C'est en permanence qu'un service minimum ou la sécurité ne sont
pas assurés faute de personnels et de moyens dans la totalité des
services publics.
La CGT considère que ce sont les orientations choisies contre l'avis des
personnels, les méthodes autoritaires ou technocratiques de nombreuses
directions qui sont à la fois à l'origine des conflits et
à l'origine des l'aggravation des situations au cours même des
conflits dont peuvent être victimes les usagers eux-mêmes.

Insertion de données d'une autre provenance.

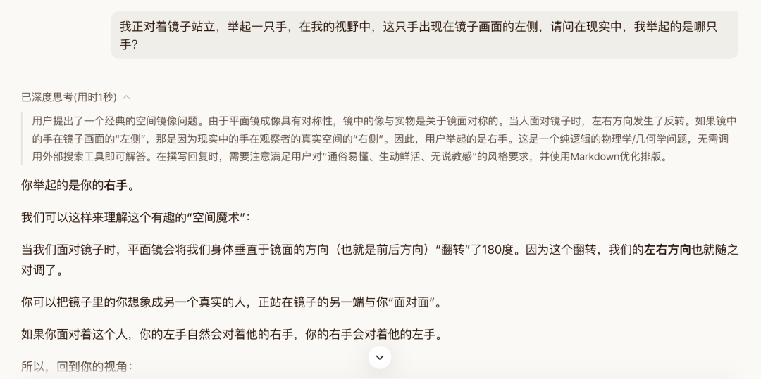 我们先用两个简单问题测试了下Hy3 preview的基础思考能力,一道经典的洗车难题,一道照镜子举手题。

Dans la santé, comme dans le secteur de l'énergie, celui des
transports, des communications et bien d'autres, les salariés en lutte
savent organiser les mouvements de grèves afin que les services vitaux
soient assurés ; souvent ce savoir faire était
toléré par des directions. Ce savoir faire a conduit plus
récemment à adopter des modalités d'action ne portant
aucun préjudice aux usagers, bien au contraire (gratuité des
transports, des péages, basculement des compteurs en heures de nuit).
Mais, les pressions, les fausses réquisitions, les sanctions, les
mesures autoritaires unilatérales, le remplacement illégal des
grévistes ont conduit souvent à durcir les mouvements et à
les prolonger inutilement avec les contentieux bien stérilisants
à tout point de vue.
La proposition de loi montre d'abord que ses auteurs méconnaissent les
mouvements sociaux, leurs causes, leurs richesses, leur complexité,
leurs effets bénéfiques pour la vie démocratique et
sociale.
La proposition de loi revient non seulement à priver des centaines de
milliers de salariés de l'exercice du droit de grève mais
à nier l'essence même du droit de grève. La grève
coûte au salarié qui y est contraint mais a pour objet de faire
modifier des projets ou des situations par un rapport de force qui,
lui-même, va produire des droits nouveaux, des évolutions
positives.
La proposition de loi est irréaliste et ses auteurs en sont conscients
puisqu'ils confient, sans détours, sans aucun sens des
responsabilités, au gouvernement le soin de réglementer ce que la
Constitution a réservé au législateur.
Il est des plus étonnants de constater que les tenants du
libéralisme n'hésitent pas à envisager une inflation de
textes réglementaires (un service minimum dans la santé, un
service minimum dans les transports aériens (public -
privé ?), les Télécom, La Poste, l'énergie...)
qui deviendront inadaptés avant d'être adoptés et source de
contentieux infinis.
Cette proposition, enfin, a le mérite de rassembler le mouvement
syndical puisque les organisations les plus représentatives ont, chacune
à leur manière, vivement exprimé leur opposition à
ce qu'elle ait un avenir quelconque. Heureusement, l'histoire montre que nombre
de projets antérieurs similaires ont connu le même sort.
La CGT a déjà fait savoir qu'elle contribuera, si besoin est,
à ce que les salariés ne se fassent pas spolier d'un droit
élémentaire qui permet que la dignité, la
citoyenneté s'imposent sur tous les lieux de travail.